───── Dataset extract ─────
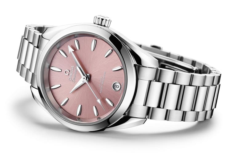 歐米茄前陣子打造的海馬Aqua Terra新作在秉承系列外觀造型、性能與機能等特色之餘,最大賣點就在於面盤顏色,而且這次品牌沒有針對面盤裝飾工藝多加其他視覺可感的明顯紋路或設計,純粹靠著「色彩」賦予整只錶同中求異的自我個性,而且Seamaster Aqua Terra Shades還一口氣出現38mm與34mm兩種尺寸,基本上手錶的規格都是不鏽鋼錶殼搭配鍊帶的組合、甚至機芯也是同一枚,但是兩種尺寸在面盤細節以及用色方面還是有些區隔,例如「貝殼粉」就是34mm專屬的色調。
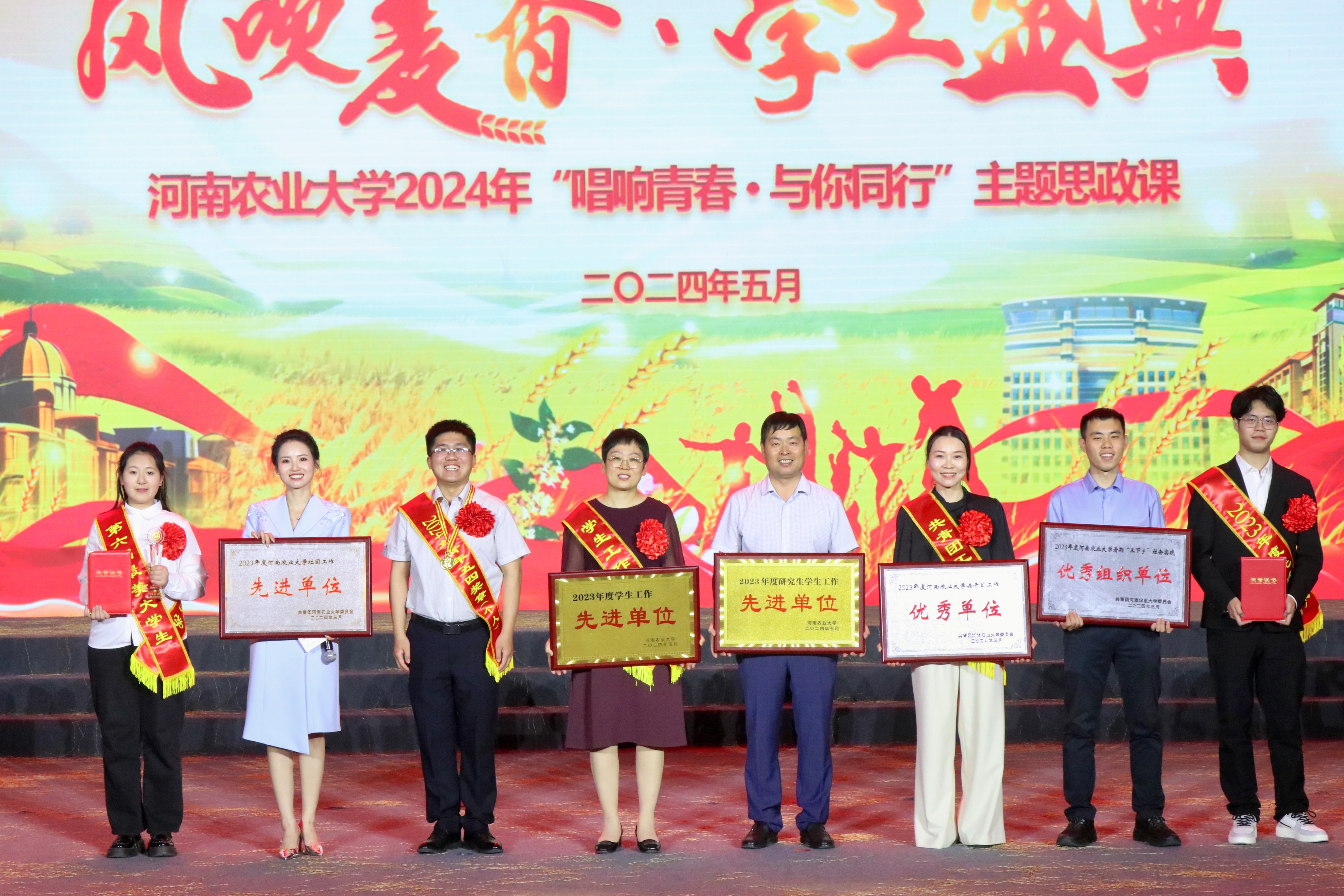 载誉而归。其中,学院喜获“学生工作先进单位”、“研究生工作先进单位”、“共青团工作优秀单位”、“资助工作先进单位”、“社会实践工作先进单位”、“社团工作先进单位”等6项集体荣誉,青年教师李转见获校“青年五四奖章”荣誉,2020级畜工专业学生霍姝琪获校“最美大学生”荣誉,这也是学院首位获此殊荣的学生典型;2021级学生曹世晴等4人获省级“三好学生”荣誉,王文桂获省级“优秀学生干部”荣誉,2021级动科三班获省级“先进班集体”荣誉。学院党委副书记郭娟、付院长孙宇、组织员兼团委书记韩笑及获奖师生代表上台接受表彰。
─────
───── Dataset extract ─────
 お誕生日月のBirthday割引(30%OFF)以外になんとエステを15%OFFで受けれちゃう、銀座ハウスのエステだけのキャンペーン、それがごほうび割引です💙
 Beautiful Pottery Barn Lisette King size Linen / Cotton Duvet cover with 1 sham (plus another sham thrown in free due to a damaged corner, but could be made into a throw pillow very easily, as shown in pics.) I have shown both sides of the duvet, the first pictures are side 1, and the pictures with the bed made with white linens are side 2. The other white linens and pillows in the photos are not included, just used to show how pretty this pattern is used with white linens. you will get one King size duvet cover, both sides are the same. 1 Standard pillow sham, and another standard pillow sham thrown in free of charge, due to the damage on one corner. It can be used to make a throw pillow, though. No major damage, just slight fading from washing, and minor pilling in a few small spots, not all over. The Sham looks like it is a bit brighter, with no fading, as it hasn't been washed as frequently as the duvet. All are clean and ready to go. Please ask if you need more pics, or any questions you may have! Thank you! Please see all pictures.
─────
*What you need to do*: All lines in the listing above between the line with "お誕生日月のBirthday" and the line with "Beautiful Pottery Barn", inclusive, should be set down exactly, and no line outside that range.

*Finished exercise*:
 お誕生日月のBirthday割引(30%OFF)以外になんとエステを15%OFFで受けれちゃう、銀座ハウスのエステだけのキャンペーン、それがごほうび割引です💙
 Beautiful Pottery Barn Lisette King size Linen / Cotton Duvet cover with 1 sham (plus another sham thrown in free due to a damaged corner, but could be made into a throw pillow very easily, as shown in pics.) I have shown both sides of the duvet, the first pictures are side 1, and the pictures with the bed made with white linens are side 2. The other white linens and pillows in the photos are not included, just used to show how pretty this pattern is used with white linens. you will get one King size duvet cover, both sides are the same. 1 Standard pillow sham, and another standard pillow sham thrown in free of charge, due to the damage on one corner. It can be used to make a throw pillow, though. No major damage, just slight fading from washing, and minor pilling in a few small spots, not all over. The Sham looks like it is a bit brighter, with no fading, as it hasn't been washed as frequently as the duvet. All are clean and ready to go. Please ask if you need more pics, or any questions you may have! Thank you! Please see all pictures.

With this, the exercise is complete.